The swamp echoed with the ringing of axes and mallets and the cries of men as they heaved the upper logs into place. By sundown the McCantrys had a house of their own. All the hard work was done and only the finishing was left for Mr. McCantry. As the neighbors prepared to depart, other gifts came out of their wagons: a sack of potatoes, a rocking chair, a bushel of turnips, a goosefeather pillow, strings of dried apples, a couple of live chickens.

At the last moment Mr. Woodlawn nailed up a shelf by the new fireplace. No one knew why until Caddie and Emma came breathlessly over the fields from the Woodlawns’ house carrying the McCantrys’ clock. Caddie and her father had sat up late in the attic shop the night before to take it all apart, clean it, and coax it to run. Now it ticked away on the shelf as gay as a cricket.

“There!” said Caddie triumphantly. “A house is ready to live in when a clock is ticking in it!”

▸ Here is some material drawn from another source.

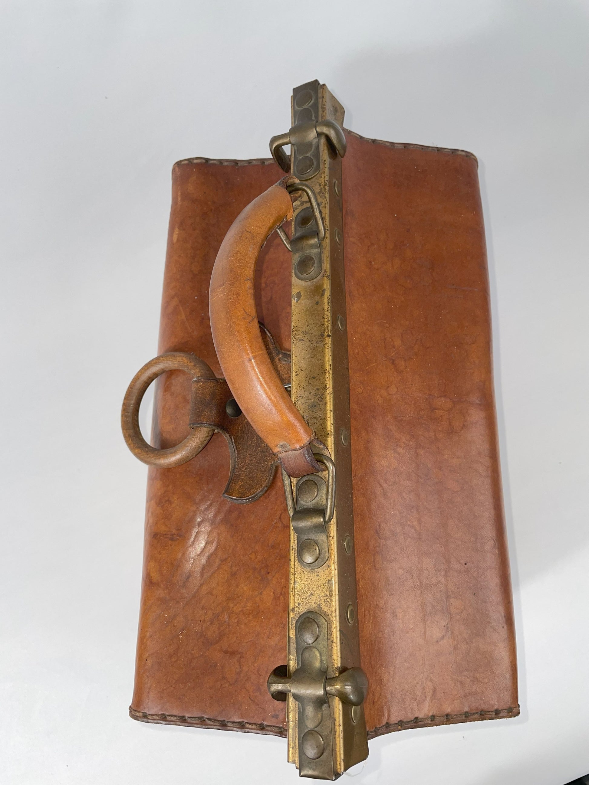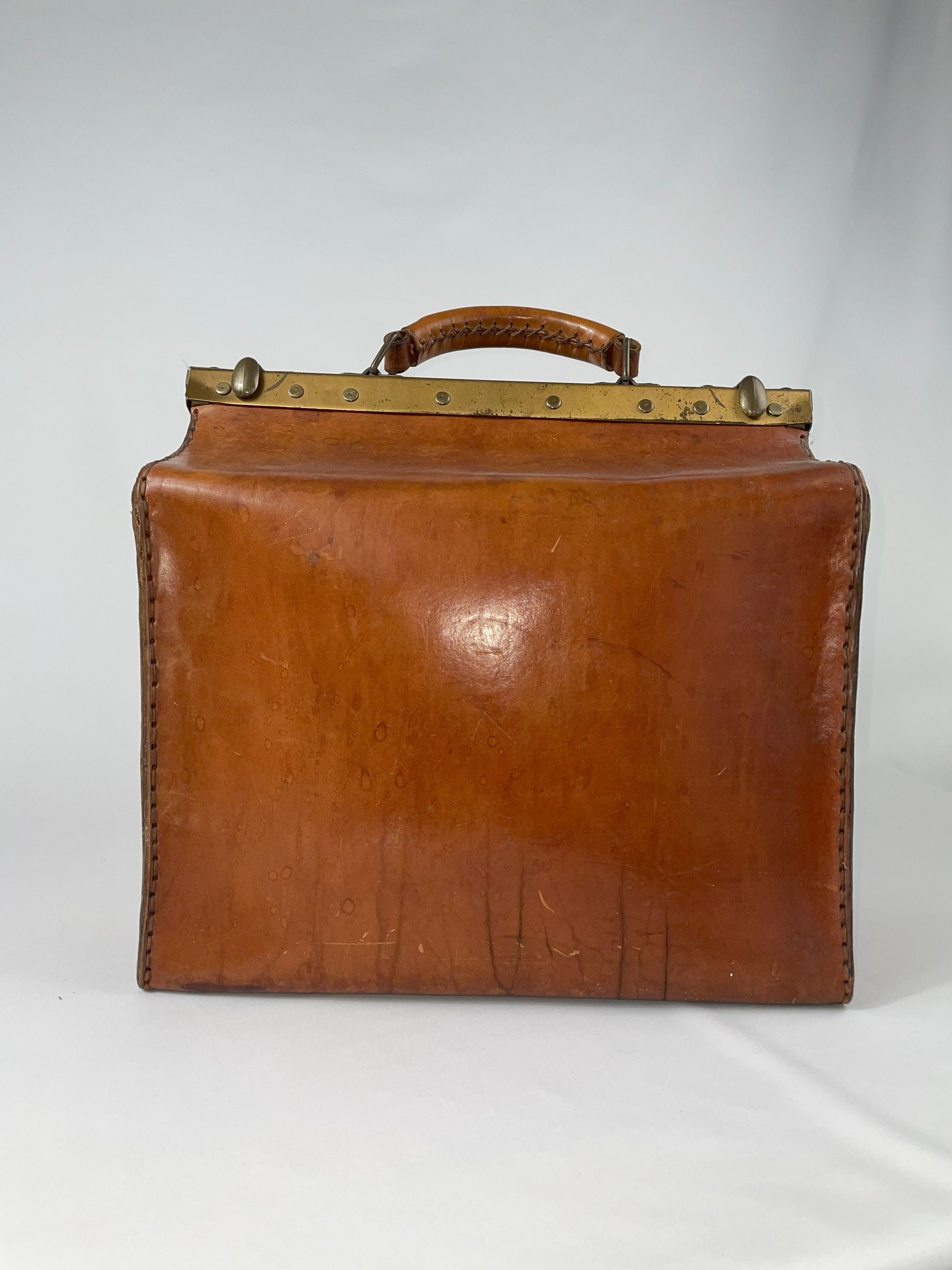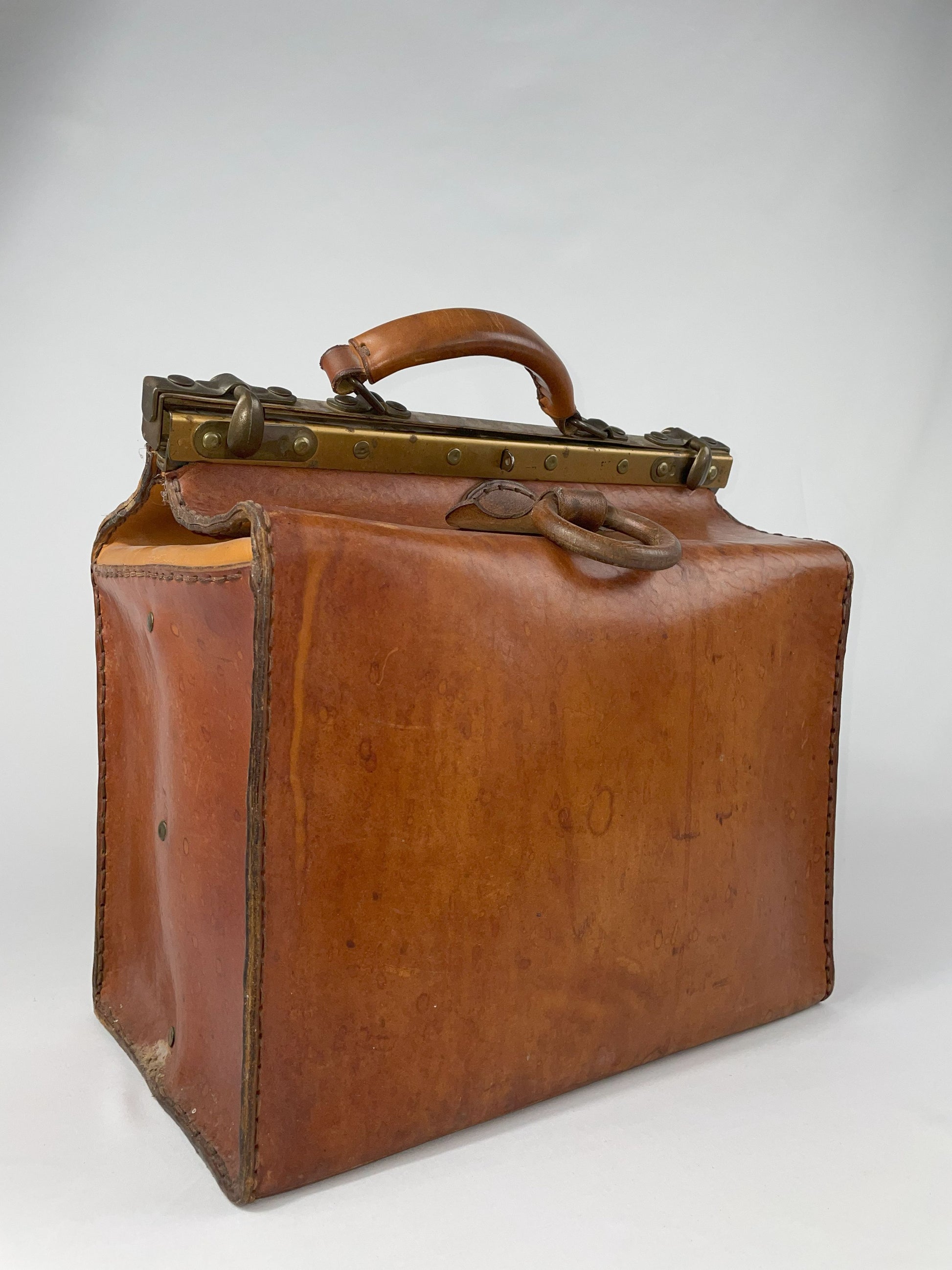 Diese originale Vintage Arzttasche aus robustem, braunem Leder ist ein eindrucksvolles Stück Handwerkskunst. Mit ihren massiven Messingbeschlägen und dem charakteristischen Bügelverschluss verkörpert sie den klassischen Stil früher Arzt- und Hebammentaschen.

“My land!” said Mrs. McCantry. “That clock hasn’t ticked for years—just like us, I guess.” Her bonnet was all crooked with excitement and the purple pansies bobbed and trembled over one ear, but for once her eyes were perfectly frank and honest. “I know what you’ve been thinking of us, Mrs. Woodlawn,” she said slowly. “Shiftless, you thought, and I guess you were right. But we’ve seen what neighbors can be like today. We’re going to set right out to be good neighbors ourselves. You won’t ever regret all that you have done for us!”

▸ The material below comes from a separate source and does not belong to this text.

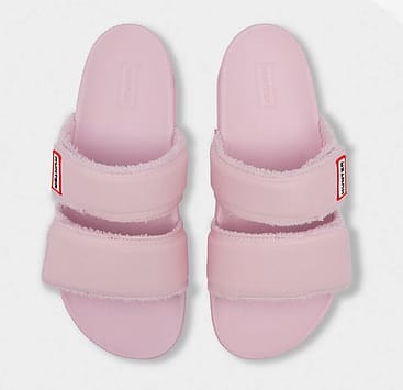 The Hunter original slides with the Terry Towelling Logo is embedded with the iconic logo on a towel fabric for ultra absorbency for those long beach days. The rubber foot bed allows for comfort and agility for all your walks around the beach or pool, with velcro adjustable strap you can feel comfortable barefoot or with socks.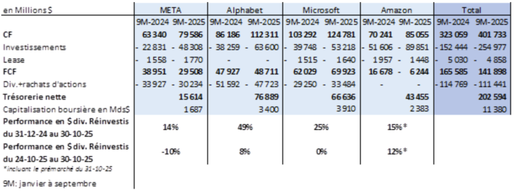 - Les actionnaires ont donc 25 Mds$ de moins de flux disponible sur les 9M-25 par rapport aux 9M-24. Amazon puise dans sa trésorerie pour soutenir ses investissements et ne fait aucun retour à l’actionnaire. Le FCF** de META baisse et le verse dans son intégralité aux actionnaires. La société Microsoft plus prudente dans l’allocation de son capital est la seule des 4 à voir son FCF progresser significativement, sans le reverser entièrement à l’actionnaire.

The two women looked at each other and for the first time they smiled in sudden understanding. Caddie and Emma smiled at each other, too, and hugged each other.

Caddie knew that Mrs. McCantry might often forget her good resolutions, for she was that kind of person; but she knew also that Emma would always make up for Mrs. McCantry’s shortcomings, for Emma was a person to trust.

The McCantrys would be good neighbors.